1. **Per-agent enrollment keys** — MSI contains server URL + site_id only. Agent calls `POST /api/enroll` on first run; server issues unique per-agent key stored hashed. Enables revocation, clone detection, audit trail.
2. **Site-specific MSI generation** — Universal base MSI from CI; dashboard endpoint generates site-specific MSI with site_id baked in via WiX property → `HKLM\SOFTWARE\GuruRMM\SiteId`.
3. **No TOML/config for endpoints** — Server URL compiled into binary. No runtime config files for server URL or site_id.
4. **Policy inheritance chain** — global → site → client → agent. Server computes merged effective policy and pushes via `ConfigUpdate` WebSocket message.
5. **Platform parity rule** — Any agent feature ships on Windows, Linux, and macOS in the same change. Stub + TODO required if a real implementation is not yet feasible.
6. **Watchdog as separate process** — Main agent cannot reliably restart itself after a crash.
7. **Build pipeline is the only path to production** — Enforces signing, checksum generation, consistent artifact layout.

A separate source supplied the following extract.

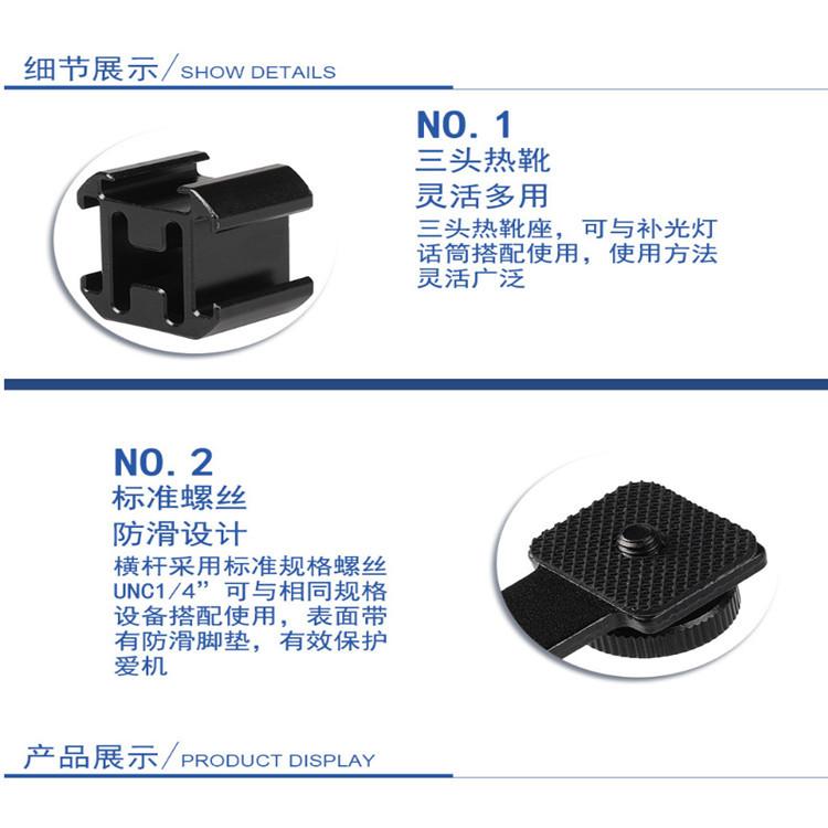 Sea aplicable | Cámara deportiva/luz de relleno/monitor | Características | Se puede utilizar con estabilizadores de mano y trípodes. |
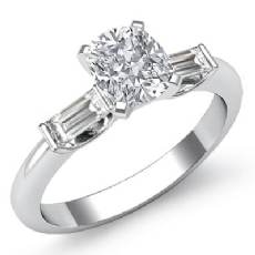 4 Prong Channel Baguette Set Cushion diamond engagement Ring in 18k Gold White

8. **Multi-tenancy identity model (ADR-001)** — Dev team with partner impersonation. Three levels: Dev → Partner → Client. Computer Guru is partner #1.

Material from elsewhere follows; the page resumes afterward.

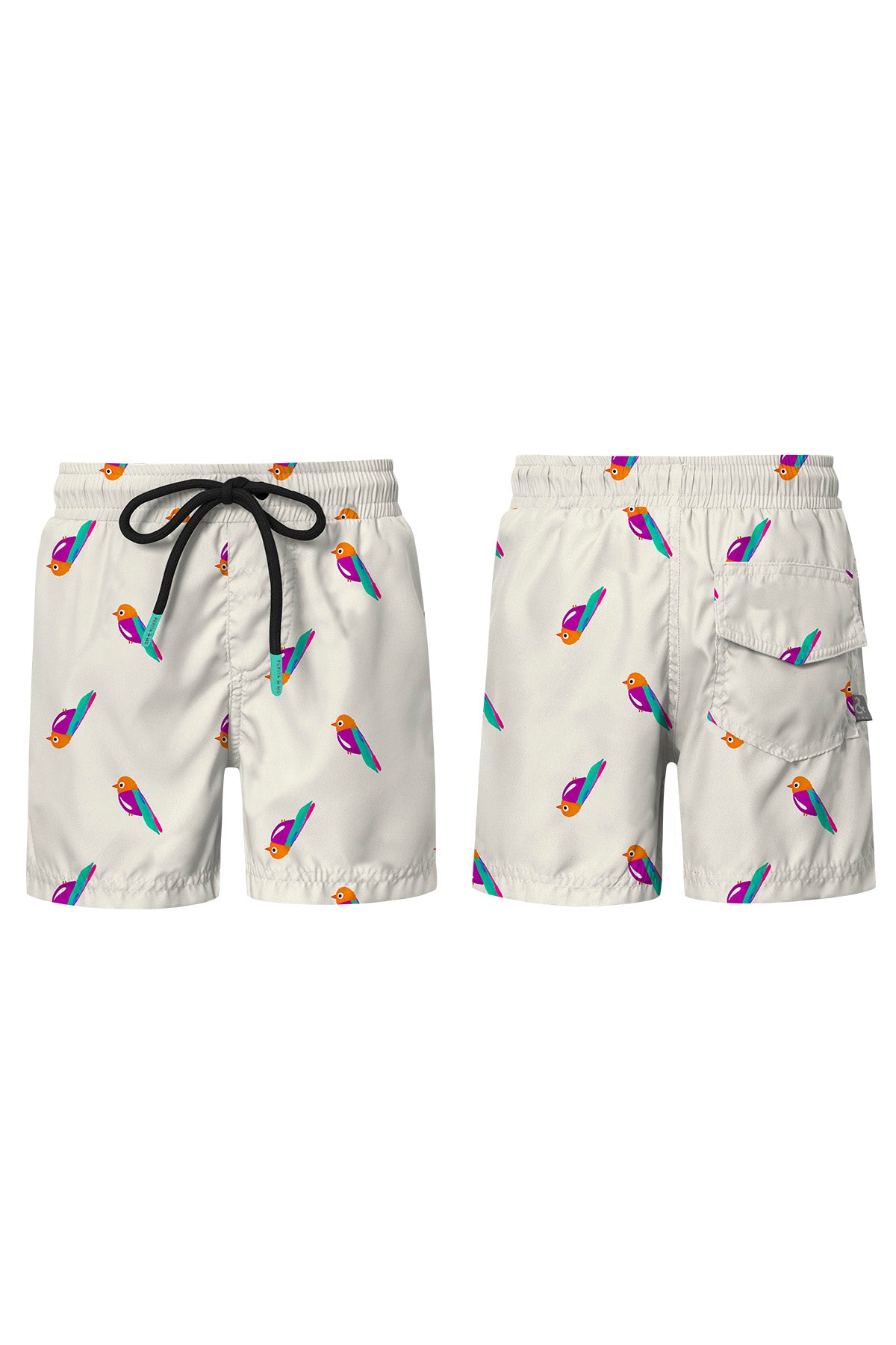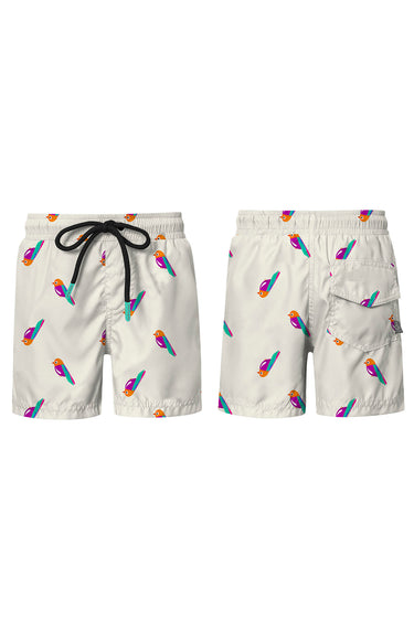 Boys swimshorts with drawstring, elastic waist, inner lining with no holes (not mesh) and back pocket. Made in Colombia

9. **Holistic feature development (DESIGN.md)** — Every feature requires backend + API + dashboard UI + documentation. Backend-only features are rejected.
10. **AI-optional operation** — GuruRMM must be fully functional without AI. AI features are enhancements, not requirements.
---
## History Highlights
| Date | Event |
|---|---|
| 2025-12-15 | Project genesis: Windows service + Linux installer + site code auth + build server. DB migrated from Jupiter Docker to local PostgreSQL. |
| 2026-04-19 | Full drill-down navigation, auto-install on first run, Pluto build VM setup started. |
| 2026-04-21 | MSI build fix (missing WiX extension flag). DESIGN.md created (holistic development mandate). BirthBiologic onboarded. |
| 2026-04-29 | UI_GAPS.md created. Holistic development principle formalized. |
| 2026-05-12 | macOS agent Phase 1 deployed from Mikes-MacBook-Air. Code signing issue on Apple Silicon noted. |
| 2026-05-15 | Dead WebSocket write-half bug fixed. Temperature struct field name mismatch fixed. |
| 2026-05-16 | Watchdog bugs fixed (sc.exe fallback, suppress_until, hypervisor detection). /feature-request skill created. |
| 2026-05-17 | Syncro PSA Integration added to roadmap (P1) after Howard /feature-request. Office power failure recovery — all VMs recovered. |
| 2026-05-18 | Multi-tenancy architecture (ADR-001) decided. 5 SPEC documents created (SPEC-001 through SPEC-006). |
| 2026-05-19 | 4-bug fix for AD2 crash loop. MSP360 backup integration completed (6 fixes). Clickable CPU/Memory gauge cards + process drill-down modal. |
| 2026-05-23 | /rmm-audit pass. Agent optimization Phases 1A-3. Auto-version bump mechanism. MSRV bumped to 1.85. Fleet at 0.6.29. |
| 2026-05-24 | Linux tray IPC + GTK (PR #13+#14) and peer-cred authz (PR #14) merged. PR #21 (ReadWritePaths fix) merged. Build pipeline split into per-platform scripts. Pluto known-hosts pinned. Fleet converged to 0.6.38. |
---
## Compilation Notes
- macOS build status: Phase 1 was deployed manually from Mikes-MacBook-Air (2026-05-12). `build-mac.sh` is a stub as of 2026-05-24 — unclear if automated pipeline includes macOS yet. [unverified]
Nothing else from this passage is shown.